Einen weiteren Schub an Gästen könnte die Wieder-Öffnung der Hotellerie bringen, ist Leo Graf überzeugt. Der Bezirksvertrauensmann der Wirtschaftskammer beherbergt derzeit so gut wie keine Hotelgäste. „Die Touristen fallen aus, es gibt nur wenige, die beruflich unterwegs sind und eine Unterkunft brauchen“, so Graf. Damit fällt im Restaurant Graf auch das Frühstücksbuffet aus, „weil wir das ja vorrangig für unsere Hotelgäste hergerichtet haben“.

„Wir haben die Terrasse neu bepflanzt, die Sessel weitläufig gestellt, und auch am Samstag bis 23 Uhr geöffnet – ich bin zuversichtlich.“Alex Meder von Hotel Alfred

Im Hotel Alfred ist das beliebte Frühstücksbuffet bereits angerichtet, allerdings angepasst an die Vorschriften, zum Beispiel personalbetreut. Gebäck, Schinken und Käse werden von Hotelmitarbeitern vorgelegt, Obst- und Gemüseteller sind vorbereitet in abgedeckten Behältnissen. „Diese haben wir neu erworben“, erklärt Hotelier Alex Meder.

Wenn die Gäste zum Buffet gehen, müssen sie eine Maske aufsetzen, Einweghandschuhe liegen am Tisch. „Bei uns waren immer zahlreiche Gruppen von älteren Herrschaften. Die sind grad etwas weggebrochen“, schildert Meder die Situation.
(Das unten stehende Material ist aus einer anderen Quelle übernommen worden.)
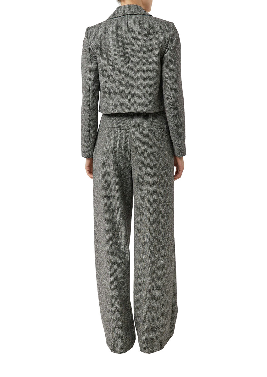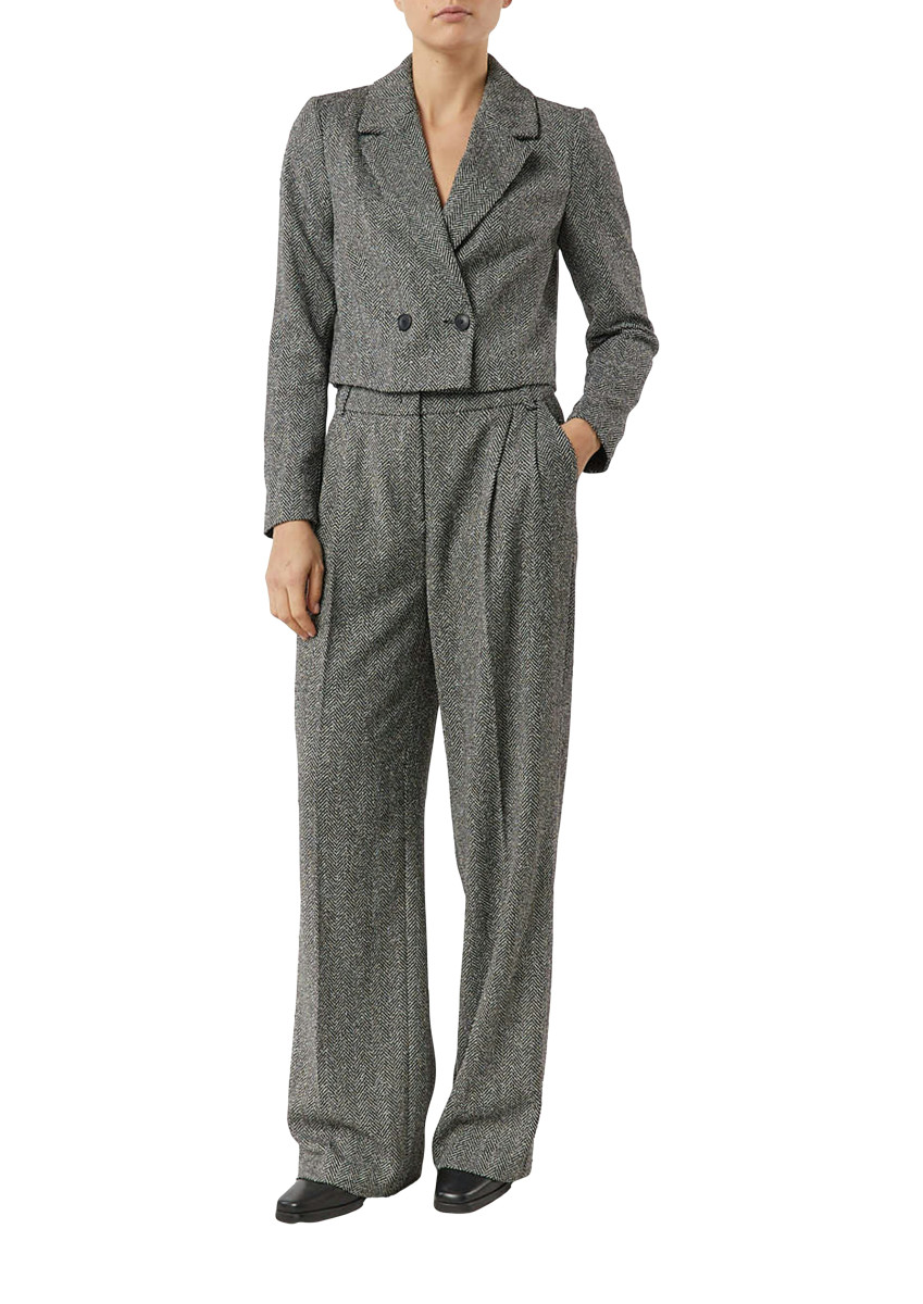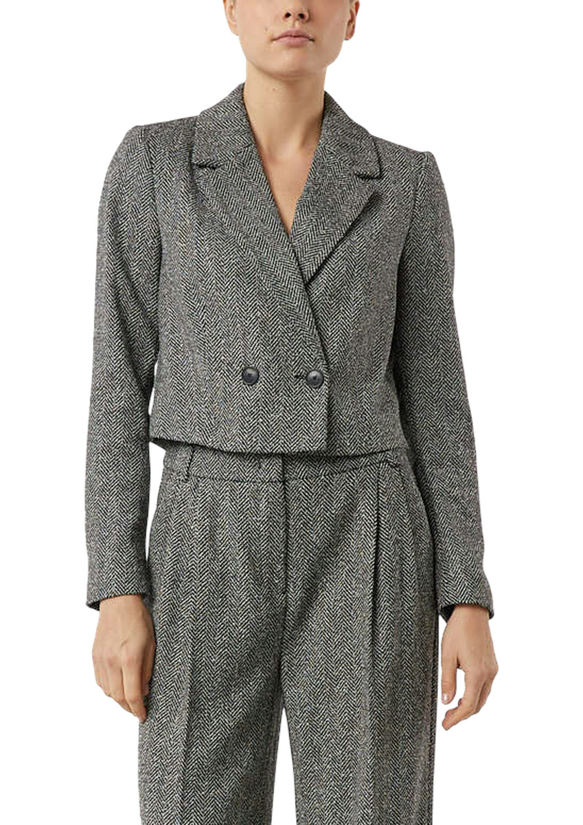 Der verkürzte Blazer im klassischen Herringbone-Muster vereint zeitlose Eleganz mit moderner Schnittführung. Die hochwertige Webware fällt fließend und schmeichelt der Figur, während der Reverskragen einen femininen Akzent setzt. Die leichte Fütterung garantiert angenehmen Tragekomfort, wodurch er sich mühelos up- oder downdressen lässt. Perfekt für Business-Looks mit Marlene-Hose oder lässig zur Jeans kombiniert – ein vielseitiges Essential, das Professionalität und Stil ausstrahlt.

Er ist aber zuversichtlich, dass sich in den nächsten Monaten alles einspielt und setzt auf die Dachterrasse seines Hotels und seine Speisenkarten mit sommerlichen Schmankerln: „Wir haben die Terrasse neu bepflanzt, die Sessel weitläufig gestellt, und auch am Samstag bis 23 Uhr geöffnet – ich bin zuversichtlich.“ Außerdem erhofft sich Meder vom Autokino vor dem VAZ zusätzliche Gäste, die vorm Filmschauen auf einen Drink ins Alfred kommen.

Motivierte Mitarbeiter erdulden die Masken

Die Mitarbeiter in den Gastronomie-Betrieben haben sich auf die Wieder-Öffnung der Lokale gefreut, und sind „sehr motiviert und halten sich an alle Vorschriften, natürlich auch an die Maskenpflicht, obwohl sie darunter leiden“, bestätigt Leo Graf.

Auch die meisten Gäste verhielten sich vorbildlich. Rund 95 Prozent reservieren, alle lassen sich zum Tisch geleiten, akzeptieren die Abstandsregeln. „Was wir nicht brauchen, sind die selbst ernannten Hilfssheriffs, die überall Regelverstöße sehen und sofort vernadern“, betont Leo Graf. „Die Gäste und auch die Wirte wissen, wie sie sich zu benehmen haben.“

Grundsätzlich kann nur die Polizei Regelverstöße ahnden. Wirte haben keine Handhabe gegen Gäste, die sich danebenbenehmen. Das Marktamt kontrolliert, ob „zum Wohle aller auch in diesen schwierigen Zeiten nur sichere und einwandfreie Lebensmittel auf den Markt kommen“, erklärt Marktamtsleiterin Gabriele Bertl. Der Fokus der Inspektoren liege auf Lebensmittelsicherheit. „Herausfordernd für die Lebensmittelinspektoren ist derzeit natürlich auch die Einhaltung verschiedenster Sicherheitsmaßnahmen bei den Kontrollen“, so Bertl.